Fast Identification of Possible Drug Treatment of Coronavirus Disease −19 (COVID-19) Through Computational Drug Repurposing Study

The recent outbreak of novel coronavirus disease −19 (COVID-19) calls for and welcomes possible treatment strategies using drugs on the market. It is very efficient to apply computer-aided drug design techniques to quickly identify promising drug repurposing candidates, especially after the detailed 3D-structures of key virous proteins are resolved. Taking the advantage of a recently released crystal structure of COVID-19 protease in complex with a covalently-bonded inhibitor, N3,(1) I conducted virtual docking screening of approved drugs and drug candidates in clinical trials.

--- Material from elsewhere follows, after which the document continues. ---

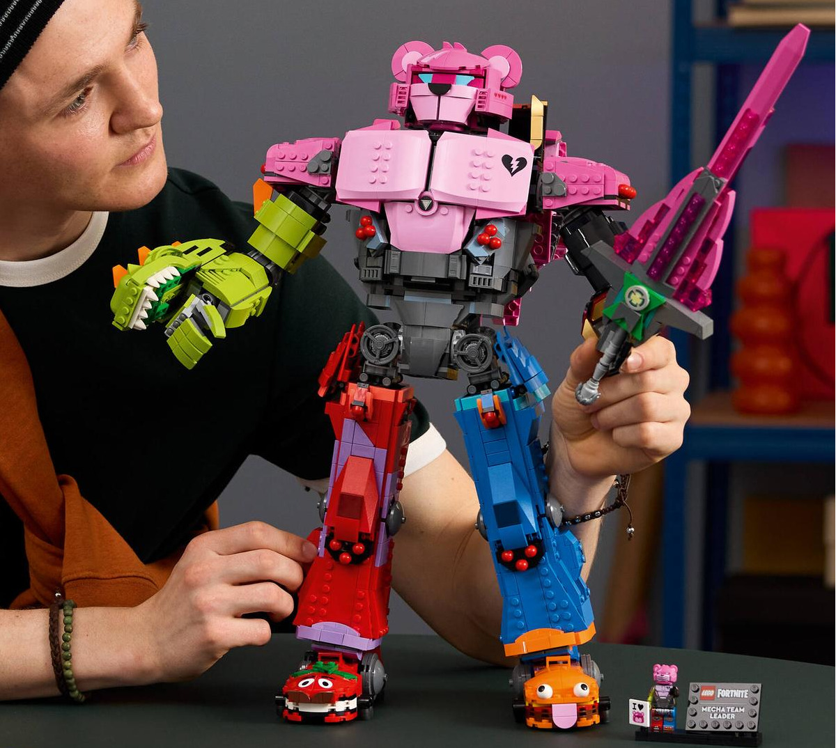 Понад 2 500 деталей – і культовий робот Mecha Team Leader постає в усій красі! Герой, який врятував острів у фіналі першого розділу Fortnite Battle Royale, тепер стає частиною колекції або центром нових пригод. Повністю рухома фігура з мініфігуркою пілота всередині, а також два бонусні скіни – Mecha Team Leader і Mecha Team Shadow.

For the top docking hits, I then performed molecular dynamics simulations followed by binding free energy calculations using an endpoint method called MM-PBSA-WSAS.(2–4) Several promising known drugs stand out as potential inhibitors of COVID-19 protease, including Carfilzomib, Eravacycline, Valrubicin, Lopinavir and Elbasvir. Carfilzomib, an approved anti-cancer drug acting as a proteasome inhibitor, has the best MM-PBSA-WSAS binding free energy, −13.82 kcal/mol. Streptomycin, an antibiotic and a charged molecule, also demonstrates some inhibitory effect, even though the predicted binding free energy of the charged form (−3.82 kcal/mol) is not nearly as low as that of the neutral form (−7.92 kcal/mol). One bioactive, PubChem 23727975, has a binding free energy of −12.86 kcal/mol. Detailed receptor-ligand interactions were analyzed and hot spots for the receptor-ligand binding were identified. I found that one hotspot residue HIS41, is a conserved residue across many viruses including COVID-19, SARS, MERS, and HCV. The findings of this study can facilitate rational drug design targeting the COVID-19 protease.